All of the dead were believed to be in their homes, though, when the tornado hit, according to the sheriff and Lee County coroner. Many were not found in their homes — if there was anything left other than a slab of concrete.
Nearly all smart phones now send what are known as IPAWS weather emergency alerts, and the EMA and National Weather Service use social media and NOAA weather radios to send out warnings. Weather radios and IPAWS alerts are the most reliable methods of warning — if one doesn't turn them off.
It's impossible to know how many even knew a storm was coming, and, had they known, if they could have survived.
More severe weather is possible Saturday and Sunday, though forecasters say the most significant threat should be north and west of Lee County.
"The highest threat is north of Lee County, praise God," said Chris Darden, meteorologist in-charge at the Birmingham National Weather Service.
At least 30 tornadoes touched down in the Southeast Sunday. Twelve were in Alabama. The EF4 tornado was the most powerful to hit Lee County since 1875 and the most powerful March tornado to hit Alabama since 1932.
The NWS and EMA officials say residents should stay alert this weekend using NOAA weather radios, smart phones or by watching local news.
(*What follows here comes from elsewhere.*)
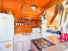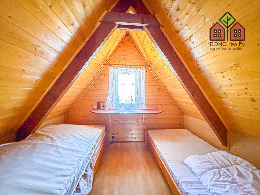 Chata, která je předmětem tohoto prodeje je dispozice 3+1 a podlahové plochy 72 m2. Náleží k ní terasa o výměře 12 m2, se vstupem z obývacího pokoje, která nabízí nádherný výhledem do okolí, zejména tedy na vrch Lovoš. V letních měsících lze na terase posnídat či obědvat, večer posedět s přáteli a ráj na zemi to bude i pro Vaše domácí mazlíčky či zde můžete mít pěkné, čistě odpočinkové zázemí. Chata se skládá ze dvou obytných podlaží a sklepní prostor, resp. ze sníženého přízemí. Vstup do chaty tvoří chodba s přístupy do všech místností, které se v přízemí nachází -> obývací pokoj, kuchyně a koupelna. Kuchyně disponuje standardním vybavením a koupelna je vybavená umyvadlem, sprchovým koutem a společnou toaletou. Ve druhém patře jsou poté k dispozici dva pokoje, které jsou čistě pro spací účely a disponují celkovou kapacitou čtyř lůžek -> pro rodinu naprosto ideální.

It could save your life.

A neighborhood devastated
Slater's family's next-door neighbor is dead.
“His house was gone,” Slater said.
The house across the street was picked up and moved 30 feet from its foundation.

A family on the other side lost their new mobile home.
“Their trailer actually burned down in October, so they went and got a new trailer, and they just set it up about a week before Thanksgiving — and to have this happen,” Slater said.
Slater's mother, stepdad and sibling are staying at her home in Opelika until they can find a new place to live.
FEMA is on the ground now in Beauregard. Along with other community organizations, businesses and nonprofits, FEMA is helping families who lost their homes recover from the storm.
Four FEMA mobile registration centers went online Thursday to help those affected. FEMA assistance helps families with underinsured properties or no insurance at all. Those affected can register online, too, at disasterassistance.gov.
Like a scene from a movie
As soon as her mom called her back after the storm hit, Slater flew down the road. She said she got there in less than 10 minutes.
“The main road was so congested with ambulances and police cars,” Slater said. “I saw a man walking, holding the top of his head with blood coming out. It was like a scene from a movie. It was so scary.”
Less than an hour later, a second tornado warning was issued. An EF2 tornado touched down just miles from where Slater was trying to find her family.
“I didn’t know if it had passed,” Slater said. “I just sat there in the car and prayed. I told them, you know, run. They got in the car with me. I hit my blinkers and went straight to my house.”
Backpacks with homework intact, barbie dolls without a scratch and coffee cups without a chip littered the ground in the community hit hardest by Sunday's storms — a harsh juxtaposition to leveled homes.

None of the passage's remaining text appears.